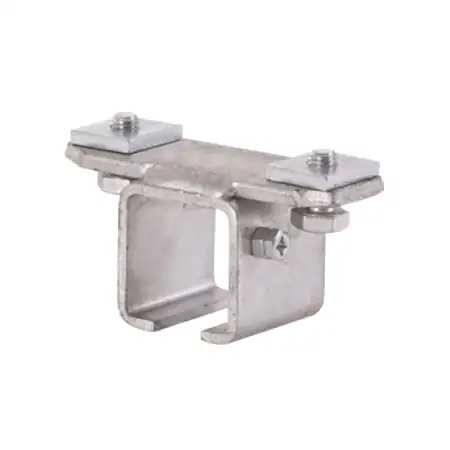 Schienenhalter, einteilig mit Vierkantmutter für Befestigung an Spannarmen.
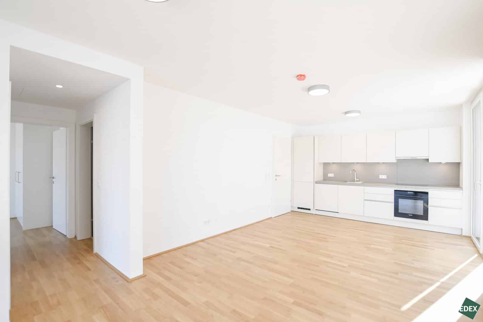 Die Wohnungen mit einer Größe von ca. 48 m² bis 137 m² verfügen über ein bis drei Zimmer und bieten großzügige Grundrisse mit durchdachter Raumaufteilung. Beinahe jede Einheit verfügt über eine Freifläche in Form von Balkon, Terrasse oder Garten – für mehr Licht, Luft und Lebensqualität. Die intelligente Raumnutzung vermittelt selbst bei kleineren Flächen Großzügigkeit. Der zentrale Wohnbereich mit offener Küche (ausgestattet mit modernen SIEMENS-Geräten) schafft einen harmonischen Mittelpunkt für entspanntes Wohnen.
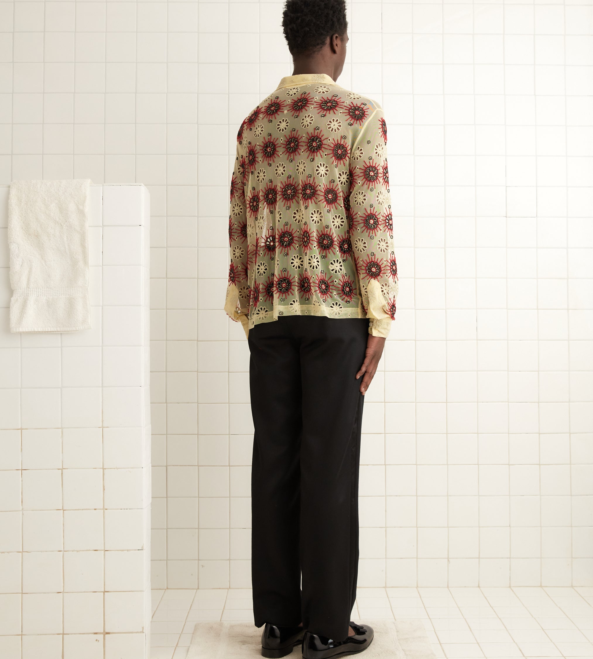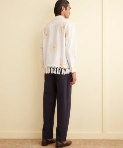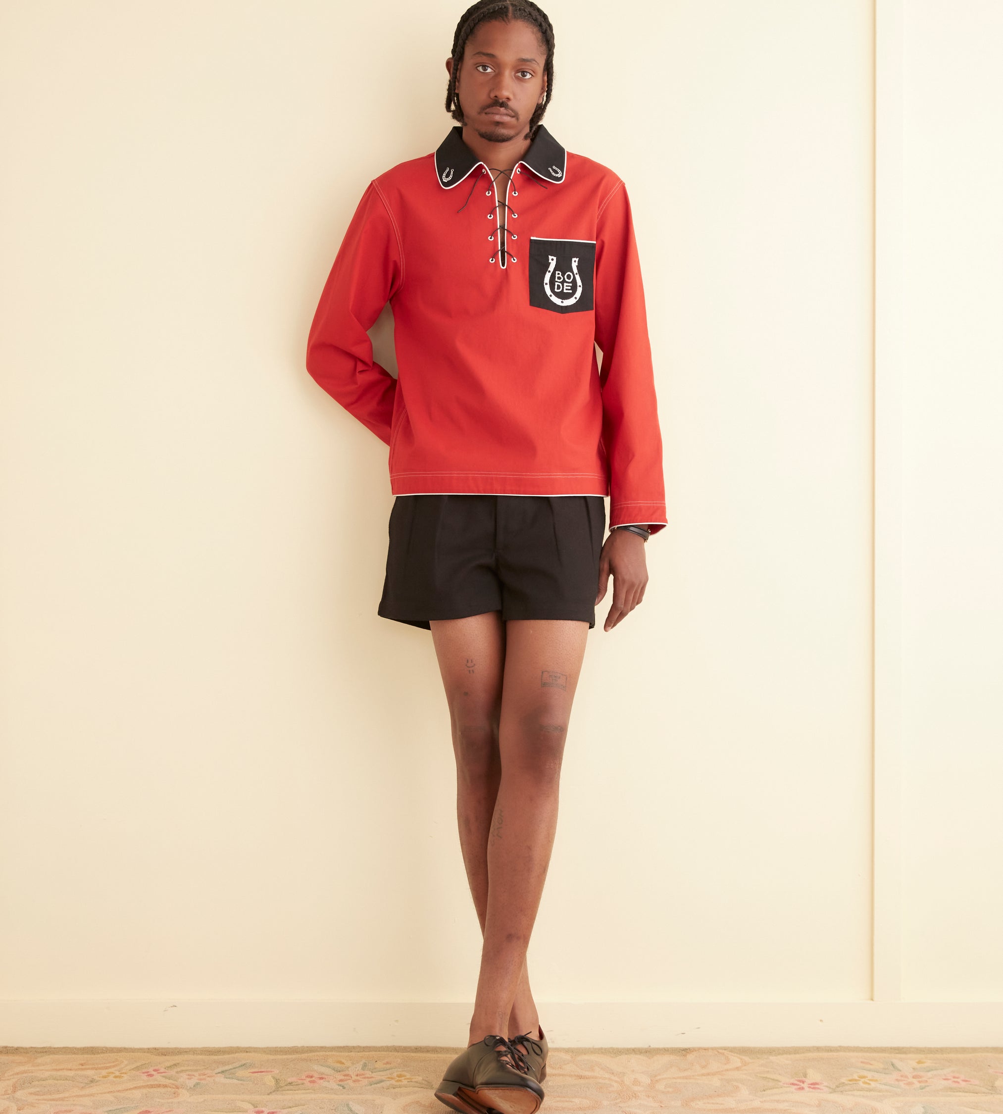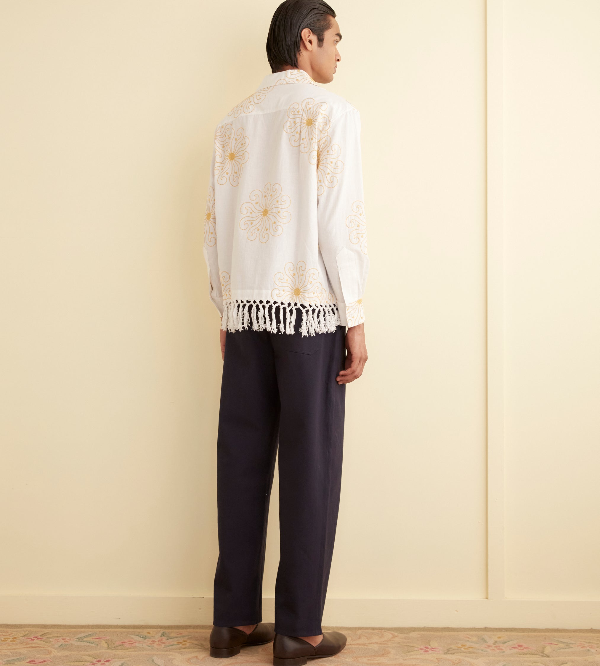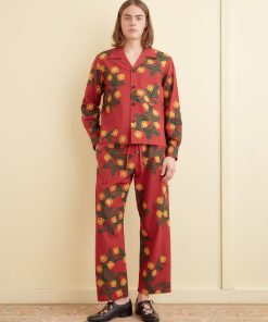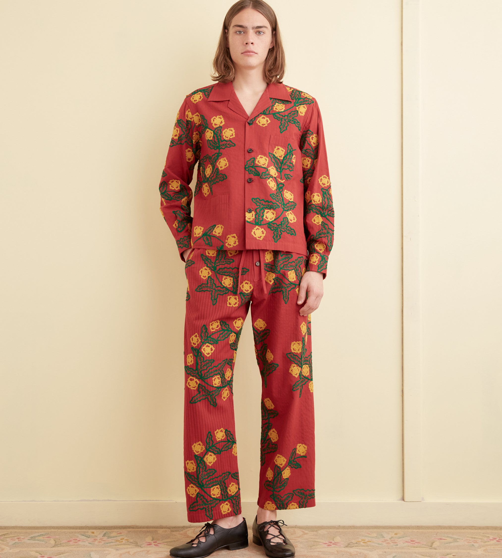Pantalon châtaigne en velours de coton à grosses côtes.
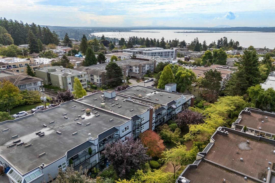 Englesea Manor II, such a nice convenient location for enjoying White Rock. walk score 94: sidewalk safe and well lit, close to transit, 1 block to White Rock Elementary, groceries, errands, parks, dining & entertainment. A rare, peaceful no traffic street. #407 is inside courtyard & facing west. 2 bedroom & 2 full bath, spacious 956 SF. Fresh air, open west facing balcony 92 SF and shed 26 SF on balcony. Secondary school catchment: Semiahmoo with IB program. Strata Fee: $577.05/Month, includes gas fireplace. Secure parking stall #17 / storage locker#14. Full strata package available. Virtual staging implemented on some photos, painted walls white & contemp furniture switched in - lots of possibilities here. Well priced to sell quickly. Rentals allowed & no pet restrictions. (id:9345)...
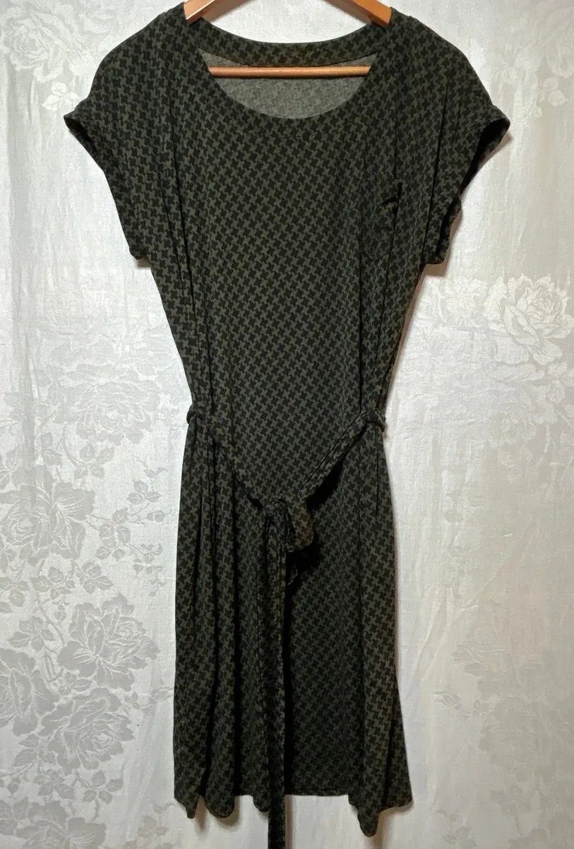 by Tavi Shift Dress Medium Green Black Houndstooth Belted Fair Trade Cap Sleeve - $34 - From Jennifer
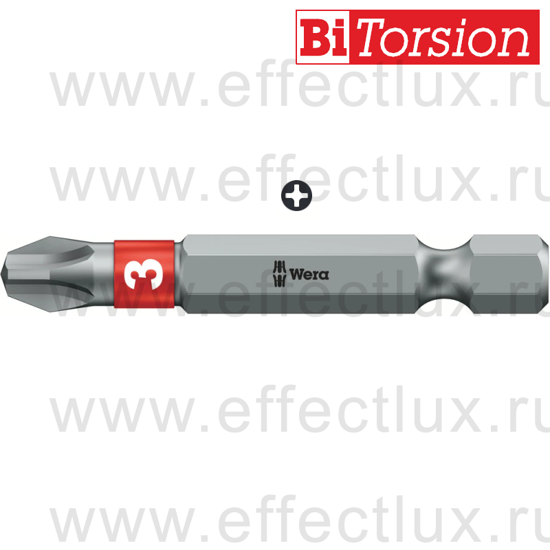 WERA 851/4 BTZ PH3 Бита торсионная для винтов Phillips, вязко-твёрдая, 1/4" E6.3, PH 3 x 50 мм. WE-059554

======

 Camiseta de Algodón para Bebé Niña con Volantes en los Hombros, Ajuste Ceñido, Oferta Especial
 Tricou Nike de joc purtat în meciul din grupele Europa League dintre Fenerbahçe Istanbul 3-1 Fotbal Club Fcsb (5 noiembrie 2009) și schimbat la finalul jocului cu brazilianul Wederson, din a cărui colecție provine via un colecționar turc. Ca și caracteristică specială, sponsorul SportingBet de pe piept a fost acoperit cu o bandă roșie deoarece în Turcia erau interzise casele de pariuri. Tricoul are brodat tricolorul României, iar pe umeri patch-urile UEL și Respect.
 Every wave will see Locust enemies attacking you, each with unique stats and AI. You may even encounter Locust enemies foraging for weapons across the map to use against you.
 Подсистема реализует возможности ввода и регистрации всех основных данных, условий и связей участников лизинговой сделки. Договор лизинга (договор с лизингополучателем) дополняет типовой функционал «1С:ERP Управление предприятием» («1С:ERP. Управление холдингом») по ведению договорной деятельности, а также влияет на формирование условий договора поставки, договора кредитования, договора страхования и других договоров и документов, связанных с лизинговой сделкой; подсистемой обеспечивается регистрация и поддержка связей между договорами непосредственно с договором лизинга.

======

Work instructions:
Scan the records above for the lines holding "Tricou Nike de" and "Подсистема реализует возможности". Transcribe those two and every line between them word for word, and no others.

Written solution:
 Tricou Nike de joc purtat în meciul din grupele Europa League dintre Fenerbahçe Istanbul 3-1 Fotbal Club Fcsb (5 noiembrie 2009) și schimbat la finalul jocului cu brazilianul Wederson, din a cărui colecție provine via un colecționar turc. Ca și caracteristică specială, sponsorul SportingBet de pe piept a fost acoperit cu o bandă roșie deoarece în Turcia erau interzise casele de pariuri. Tricoul are brodat tricolorul României, iar pe umeri patch-urile UEL și Respect.
 Every wave will see Locust enemies attacking you, each with unique stats and AI. You may even encounter Locust enemies foraging for weapons across the map to use against you.
 Подсистема реализует возможности ввода и регистрации всех основных данных, условий и связей участников лизинговой сделки. Договор лизинга (договор с лизингополучателем) дополняет типовой функционал «1С:ERP Управление предприятием» («1С:ERP. Управление холдингом») по ведению договорной деятельности, а также влияет на формирование условий договора поставки, договора кредитования, договора страхования и других договоров и документов, связанных с лизинговой сделкой; подсистемой обеспечивается регистрация и поддержка связей между договорами непосредственно с договором лизинга.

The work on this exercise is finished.